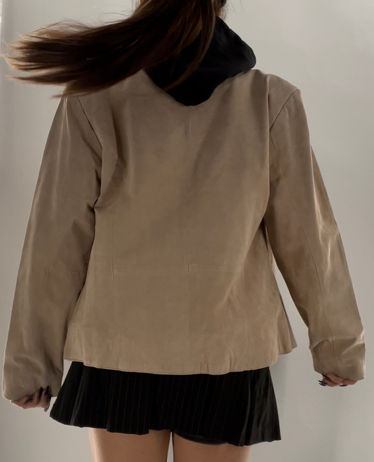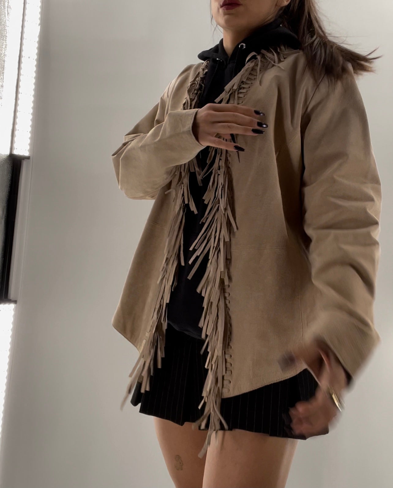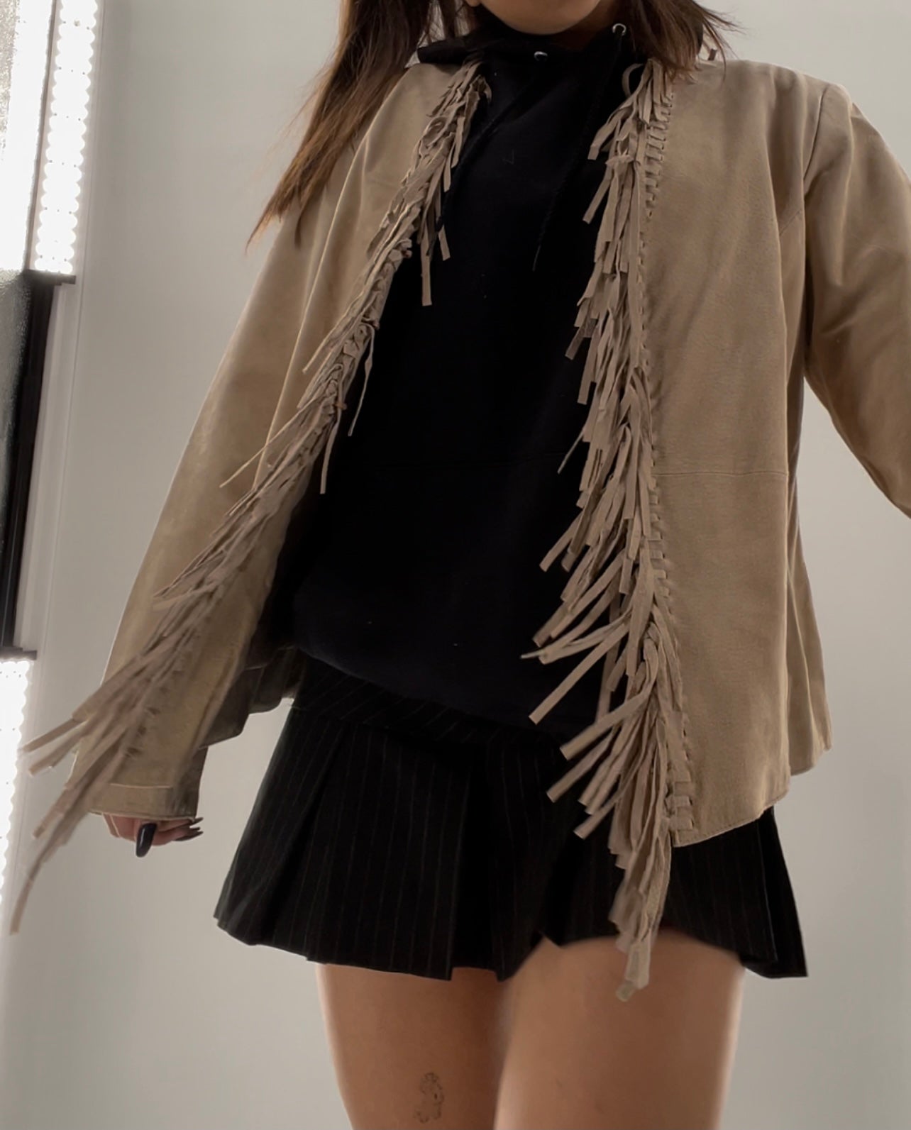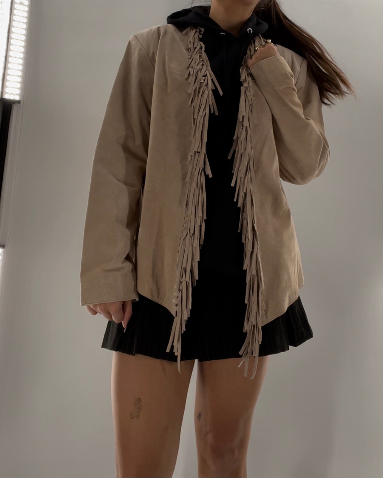 Deadstock Vintage DIALOGUE beige genuine suede leather jacket lined with suede fringe and tags attached
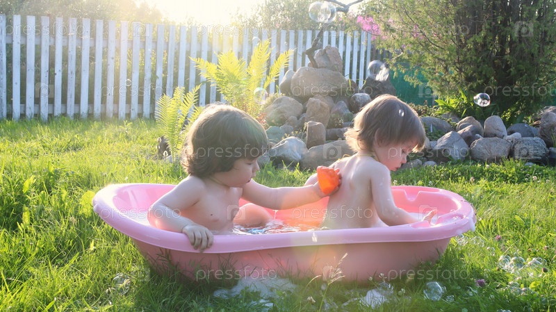 Близнецы мальчик и девочка в ванной воде на свежем воздухе
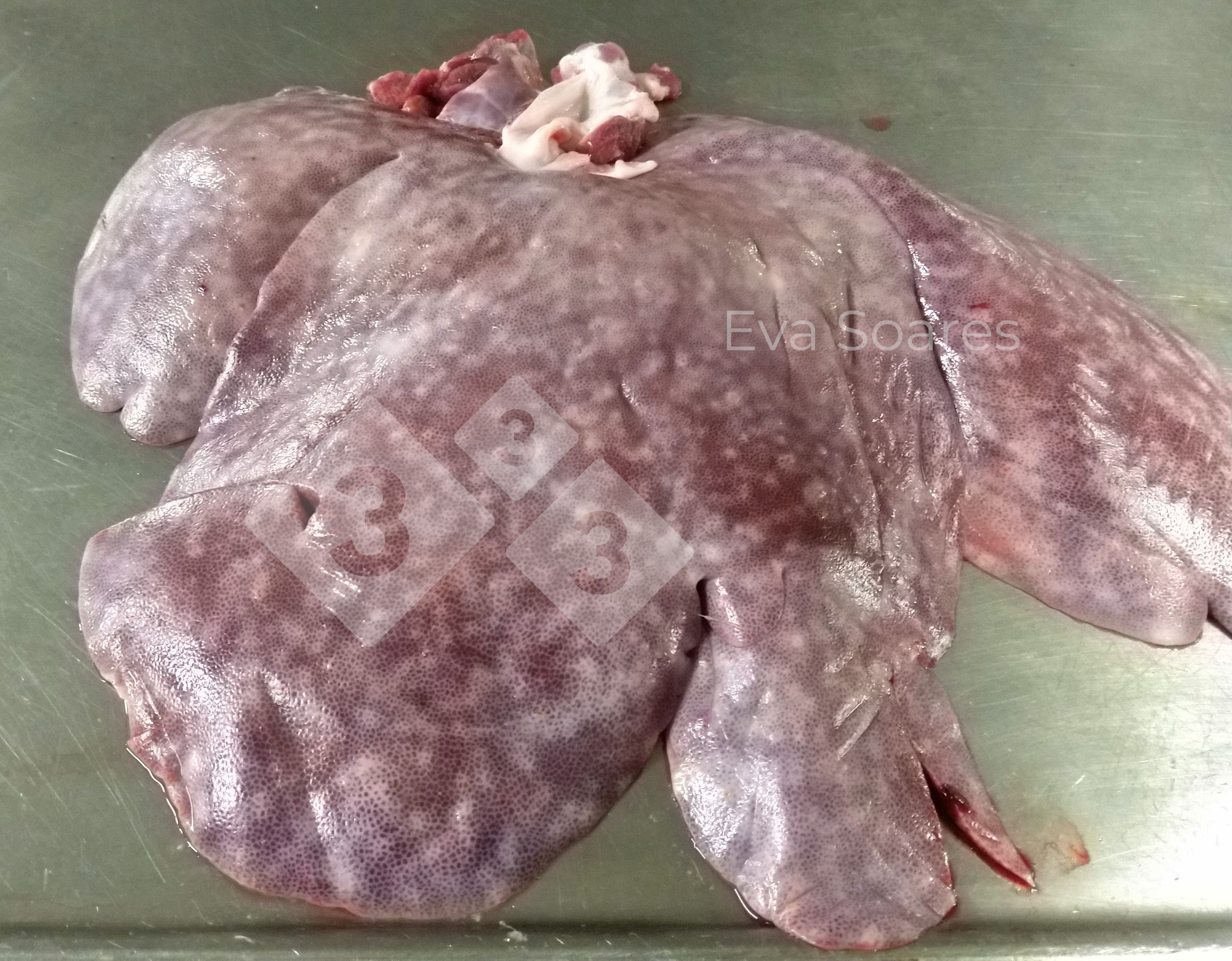 Lesiones encontradas en un cerdo de engorde en el matadero. Estas lesiones, también conocidas como "manchas de leche", resultan de la migración de larvas de Ascaris suum que, por acción irritativa, dan origen a brotes de hepatitis intersticial crónica. Inicialmente estas lesiones son hemorrágicas, más tarde se vuelven bien definidas y de color blanco, apareciendo tanto en el interior como en la superficie del hígado.
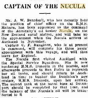 24 July 1924 the New Zealand Government budget presented to the New Zealand parliament recorded the fee for the hire of the Nucula charged by the Admiralty was £16,500 per annum
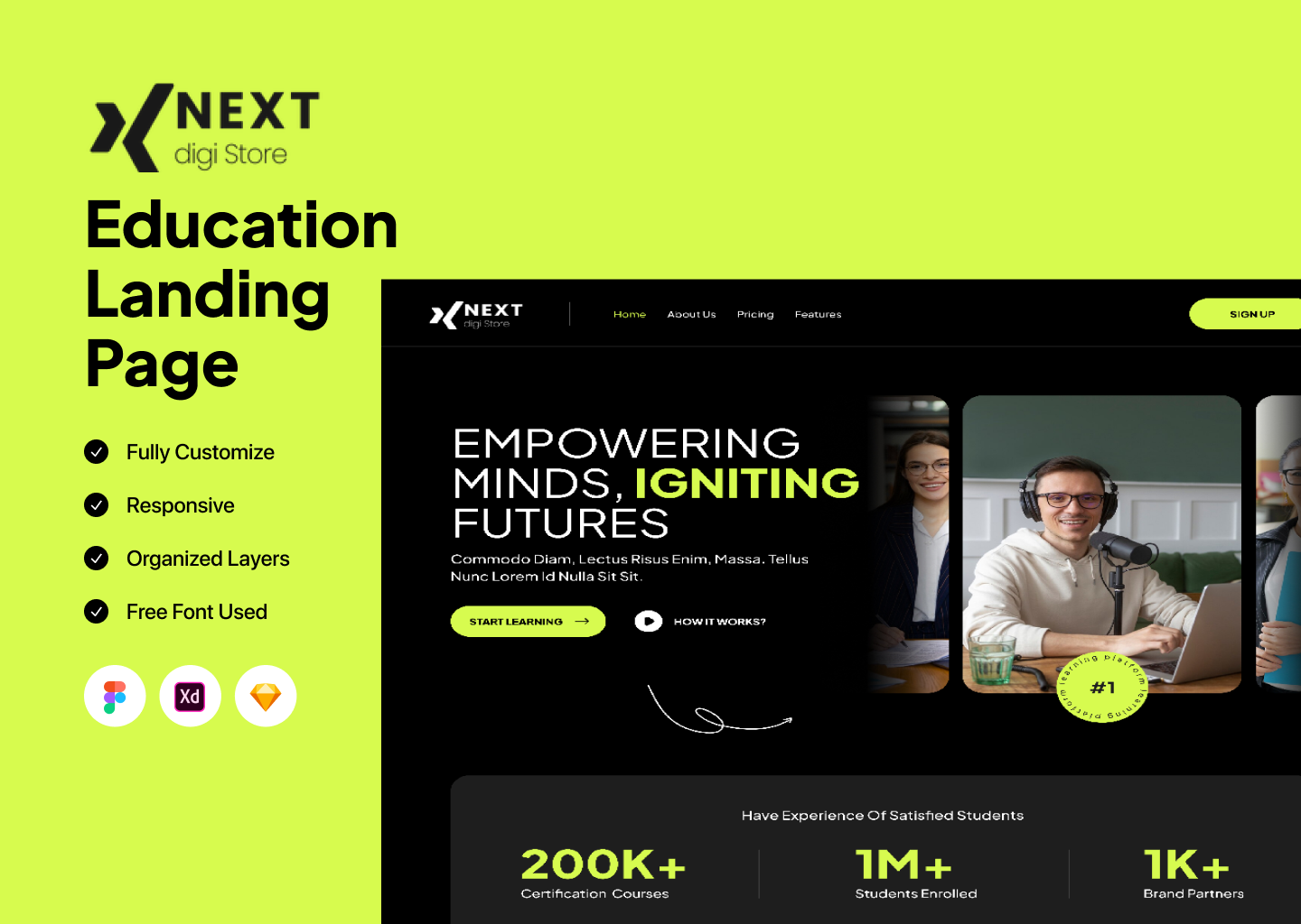 A modern and engaging Education Landing Page UI template designed to promote educational institutions, online learning programs, and training services effectively. Featuring a clean layout, course highlights, learning benefits, and strong call-to-action sections, this landing page is ideal for schools, academies, e-learning platforms, tutors, and educational startups. Available in Figma, XD, and Sketch formats, it allows easy customization to create high-converting education-focused landing pages.
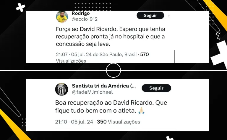 Torcedores usaram as redes sociais para desejar forças ao jogador. O Santos também emitiu uma nota informando a condição do zagueiro e desejando uma pronta recuperação.
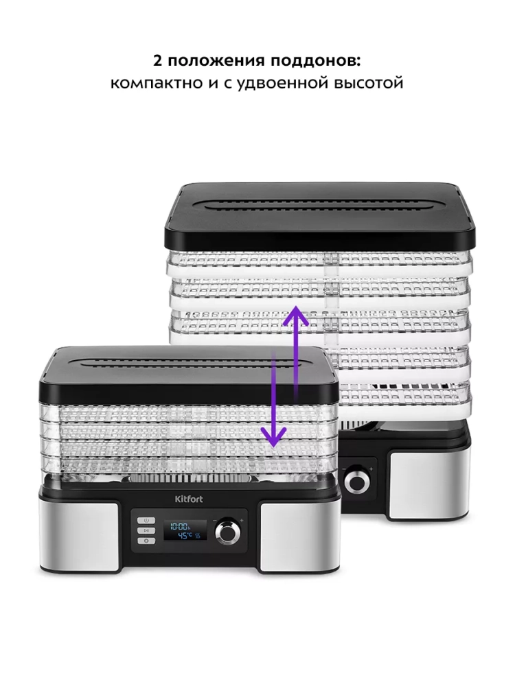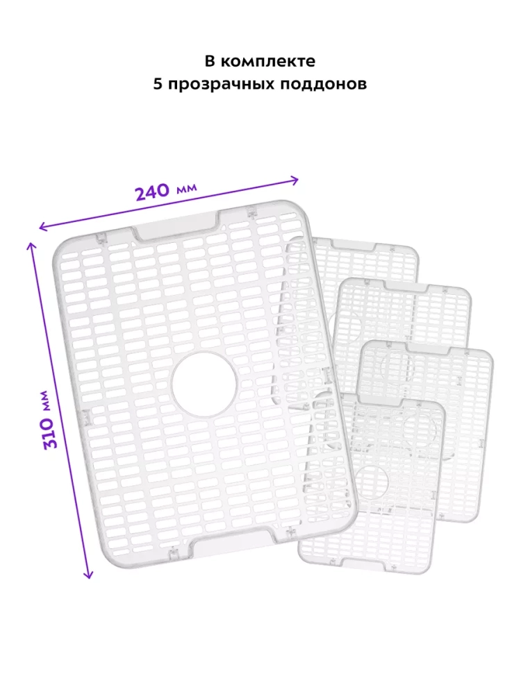 Сушилка оснащена пятью прозрачными пластиковыми поддонами, которые позволяют наблюдать за процессом сушки в реальном времени. Поддоны легко устанавливаются друг на друга, что делает использование устройства простым и удобным. Размер каждого поддона составляет 310 х 240 мм, а расстояние между ними можно регулировать от 13 до 25 мм в зависимости от объема продуктов.
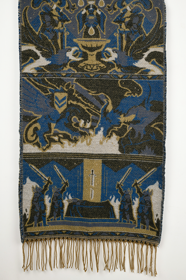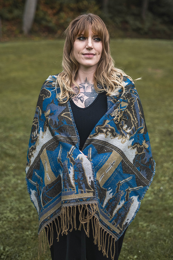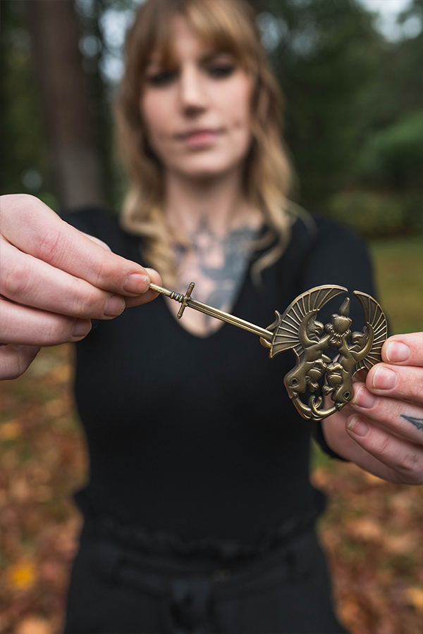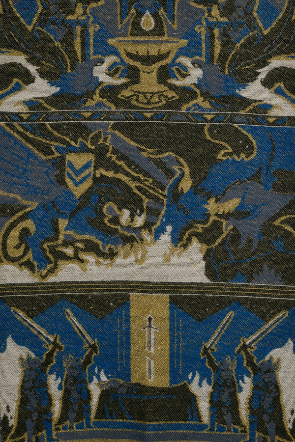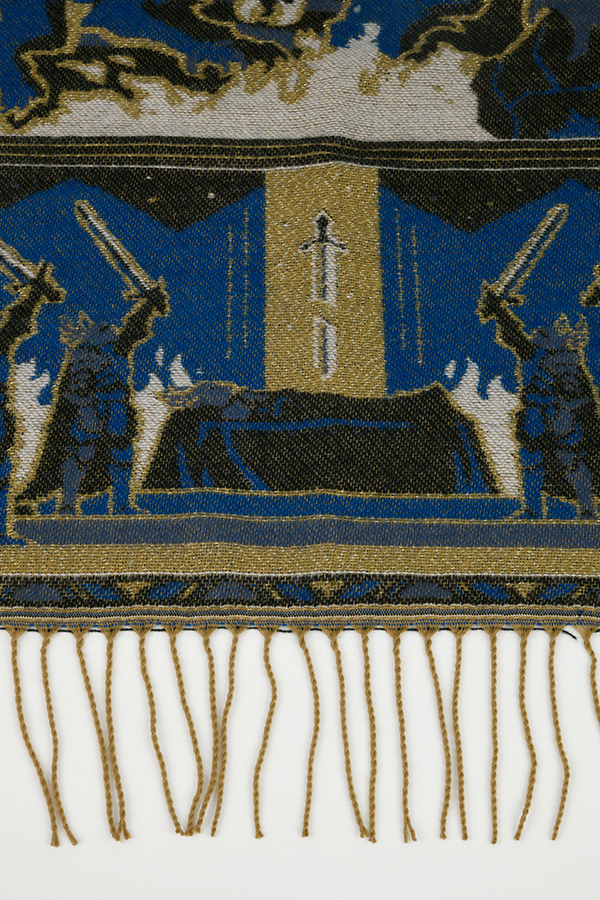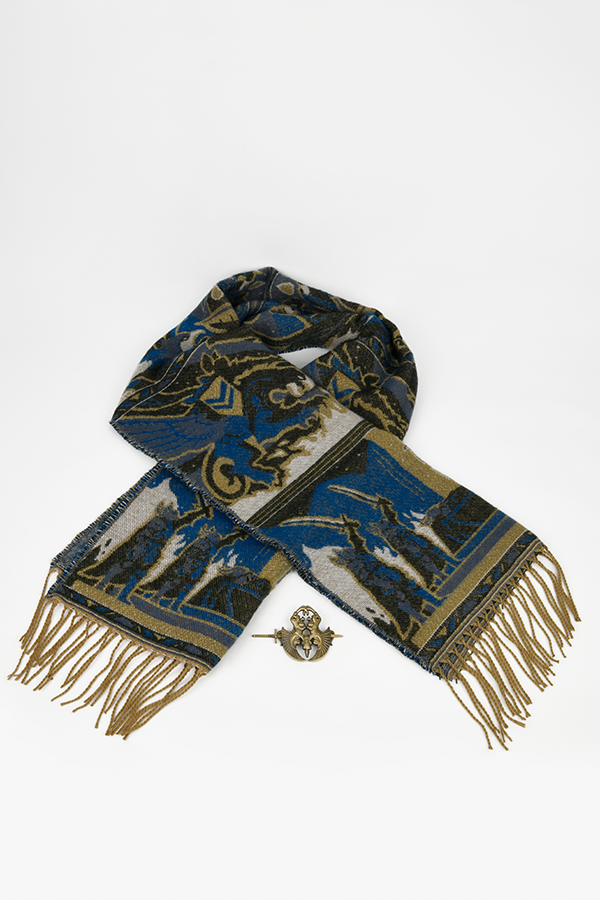 L'ensemble cape et broche Dragon Age Tale of a Grey Warden est un hommage aux héros de Thedas. Sur la cape, trois images illustrent les principales étapes de la vie de service d'un gardien gris : L'épreuve de la jonction. Le fléau de la Flétrissure. L'honneur de tomber au combat. Cette histoire est racontée en bleu et en or, les couleurs portées par les gardes gris.

-- -- --

**DIRECTIONS:** Exact copies of the entries above are needed, with every picture removed.

**WRITTEN ANSWER:**
 Deadstock Vintage DIALOGUE beige genuine suede leather jacket lined with suede fringe and tags attached
 Близнецы мальчик и девочка в ванной воде на свежем воздухе
 Lesiones encontradas en un cerdo de engorde en el matadero. Estas lesiones, también conocidas como "manchas de leche", resultan de la migración de larvas de Ascaris suum que, por acción irritativa, dan origen a brotes de hepatitis intersticial crónica. Inicialmente estas lesiones son hemorrágicas, más tarde se vuelven bien definidas y de color blanco, apareciendo tanto en el interior como en la superficie del hígado.
 24 July 1924 the New Zealand Government budget presented to the New Zealand parliament recorded the fee for the hire of the Nucula charged by the Admiralty was £16,500 per annum
 A modern and engaging Education Landing Page UI template designed to promote educational institutions, online learning programs, and training services effectively. Featuring a clean layout, course highlights, learning benefits, and strong call-to-action sections, this landing page is ideal for schools, academies, e-learning platforms, tutors, and educational startups. Available in Figma, XD, and Sketch formats, it allows easy customization to create high-converting education-focused landing pages.
 Torcedores usaram as redes sociais para desejar forças ao jogador. O Santos também emitiu uma nota informando a condição do zagueiro e desejando uma pronta recuperação.
 Сушилка оснащена пятью прозрачными пластиковыми поддонами, которые позволяют наблюдать за процессом сушки в реальном времени. Поддоны легко устанавливаются друг на друга, что делает использование устройства простым и удобным. Размер каждого поддона составляет 310 х 240 мм, а расстояние между ними можно регулировать от 13 до 25 мм в зависимости от объема продуктов.
 L'ensemble cape et broche Dragon Age Tale of a Grey Warden est un hommage aux héros de Thedas. Sur la cape, trois images illustrent les principales étapes de la vie de service d'un gardien gris : L'épreuve de la jonction. Le fléau de la Flétrissure. L'honneur de tomber au combat. Cette histoire est racontée en bleu et en or, les couleurs portées par les gardes gris.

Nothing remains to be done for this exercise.